Time Series Analytics (TSA) is a set of statistical methods to analyse time-series data in order to extract relevant patterns to help predict future behaviour. Waylay offers a powerful Time Series Analytics Module that automates much of the data science tasks behind TSA and enables users to immediately deploy analytical models in production. In today’s post, we look at how TSA helps a precision fishing farm to optimise the yield for their fish production.
Start with the basics, what impacts farm production yield?
One of the biggest factors impacting the farm’s yield is the water quality in the fish tanks. The water quality is measured with specific IoT devices installed in the fish tanks which provide time-based metrics on water attributes such as: pH, temperature, dissolved O2 and more. There needs to be a delicate balance between all of them at all times in order to ensure the impact on the growth of the fish is kept within desired ranges.
Another important factor is the food quality and quantity and the feeding schedules of the fish. If fish are overfed, food is wasted, money is lost and fish health is at risk. If they’re underfed, it will negatively impact fish growth. It’s important therefore to also optimise the feeding process.
What is IoT data analysis expected to deliver?
Once the factors that most impact the yield are identified, there is a clearer, albeit still generic understanding of the type of goals that data analysis should achieve. The fish farm is therefore looking at using their IoT device data to:
- monitor water quality
- optimise feeding schedules
- raise alarms when conditions fall below optimum
- steer aquaculture equipment
- reduce energy consumption
How can the farm’s objectives be achieved with time series analytics?
The use cases have been defined starting from a number of frequent business scenarios described by the marine engineers and operations managers of the farm.
- Anomaly detection – A water pump failure may indicate a posisble blockage, in which case the farm’s operations manager needs to be notified so they can immediately intervene.
- Outlier / anomaly detection – Sudden low water pH levels indicate increased acidity and should prompt the pump to automatically pump more oxygen into the water until it reaches the desired levels.
- Seasonality pattern – Changes in the normal daily fluctuations of water pH levels as influenced by light levels may indicate a bigger issue that can impact the health of the fish (light sources are blocked, presence of microorganisms in the water). In this case, the engineers or farm mechanics should be alerted to further investigate the fish tanks.
- Forecasting / time-to-target prediction – For the automated feeding machines that the farm is using for each fish tank, it would be useful to know when the machines need to be replenished so that new orders are placed in time and there’s no risk of inventory interruptions.
How to create an anomaly detection model and deploy it in production in 5 minutes, with Waylay TSA
Let’s take the first scenario that we described above, alerting the operations manager when there’s a water pump failure, and go step-by-step to see how you can achieve that, from training the model on historical data to applying it in production to real-time sensor data, in just 5 minutes.
Watch the demo video or follow the step-by-step text description below.
- Open the TSA Designer from the Waylay management console, after you log in your Waylay environment.
- Select the resource (ie: IoT device) for which you want to analyse the data and build the analytical model, in our case the water pump that pumps oxygen in the fish tank.
- Explore/inspect the historical data from the device and define what is the normal behaviour for the water pump over a specific period of time. This normal behaviour in our case translates into number of rotations per minute.
- Choose an algorithm to express the normal behaviour or let Waylay TSA auto-magically choose it for you.
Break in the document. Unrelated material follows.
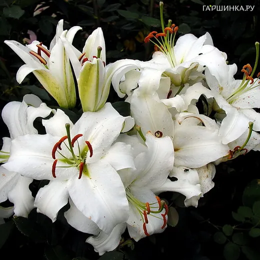 Лилия Сиберия восточная - Многолетнее луковичное растение с прямыми и крепкими облиственными стеблями. Высота до 100 см. Цветки до 22 см в диаметре, чашевидные, белые. Края лепестков волнистые, кончики сильно загнуты. В соцветии 3-8 цветков, направленных вверх и в сторону. Сорт подходит для срезки . Очень красивый сорт, с приятным ароматом, обычно именно его используют в свадебных букетах. Восточные лилии желательно укрывать на зиму в Средней полосе, но этот сорт характеризуют, как довольно зимостойкий.

It does this by analysing the data set that you selected and looking for specific patterns. We have a set of typical off-the-shelf algorithms (arima, sarima, ols etc.) or you can add your own Python algorithm.
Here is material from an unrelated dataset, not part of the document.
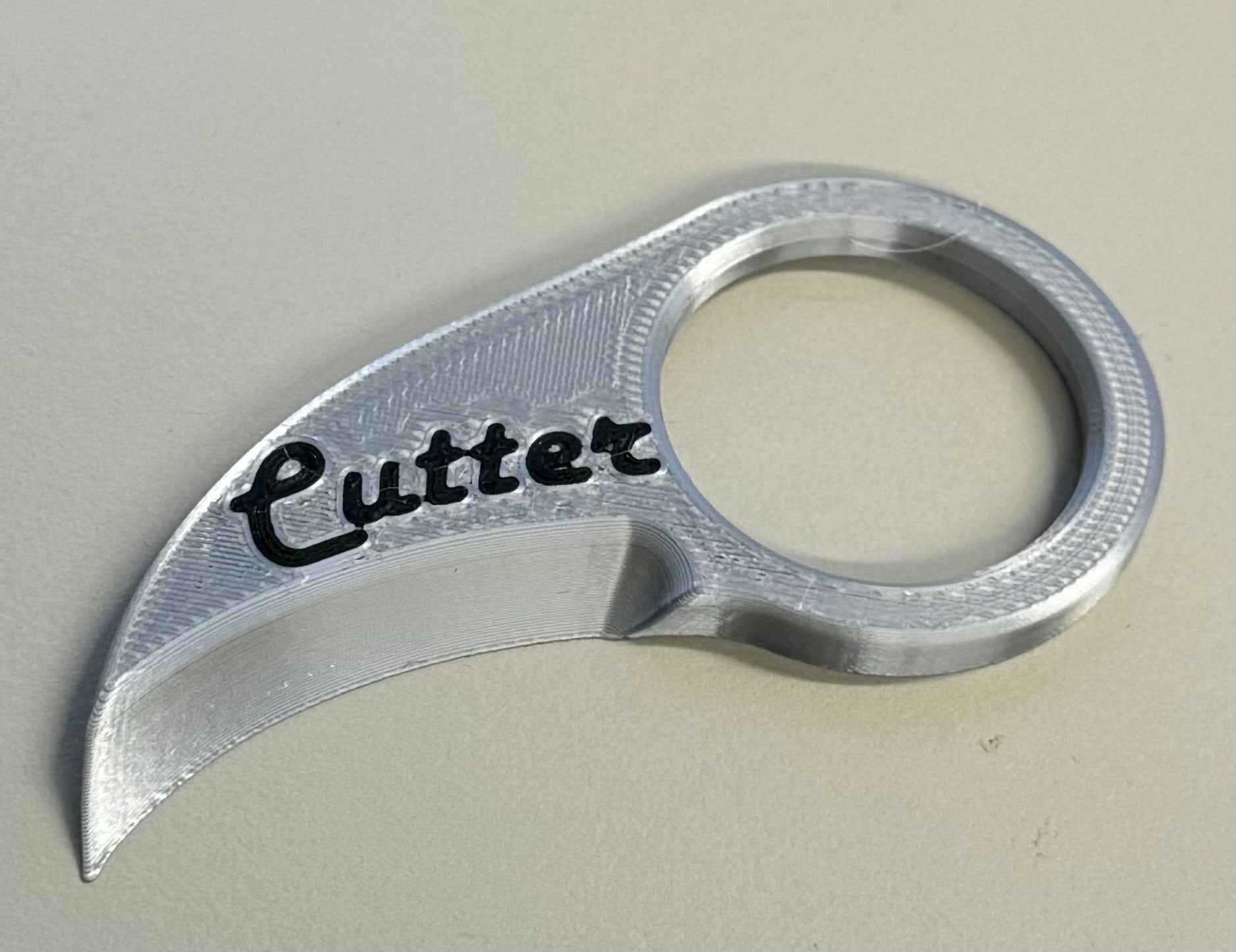 Box Cutter/Knife 3000 er et praktisk og funktionelt værktøj designet til let at åbne kasser, der er forseglet med tape. Den slanke form gør det nemt at håndtere denne cutter i forskellige opgaver, fra at åbne pakker til generel skæring. Cutterens minimalistiske design, som inkluderer teksten "cutter" på toppen, giver mulighed for både ensfarvet og tofarvet tilpasning, hvilket gør det til en personlig og stilfuld tilføjelse til dit værktøj.

- Create the model by applying the selected algorithm to your preferred data set. Waylay TSA calculates that the water pump’s normal functioning is at around 600 rotations per minute, with an expected deviation range of +-100rpm (so as low as 500 or as high as 700 rotations per minute is still within normal range).
- Test the model by applying it to a data set with known anomalous behaviour. It should flag all data points outside the normal range as anomalies.
- Save the configuration and store it as an anomaly-detection model for the water pump rotation.
- Put the model in production by going to the Rule Designer straight from the TSA Designer to create a business rule with your newly created model as a sensor input. Set your rule to automatically send an SMS to the operations manager as soon as an anomaly is detected.
- Deploy and execute in real-time or periodically. The model you’ve just created in the TSA Designer is now being applied on real-time data coming from the water pump. As soon as the model finds and flags an anomaly in the real-time data, it will alert the operations manager.
- Change the analytical model at any time without impacting production, the business rule will also be automatically updated in real time.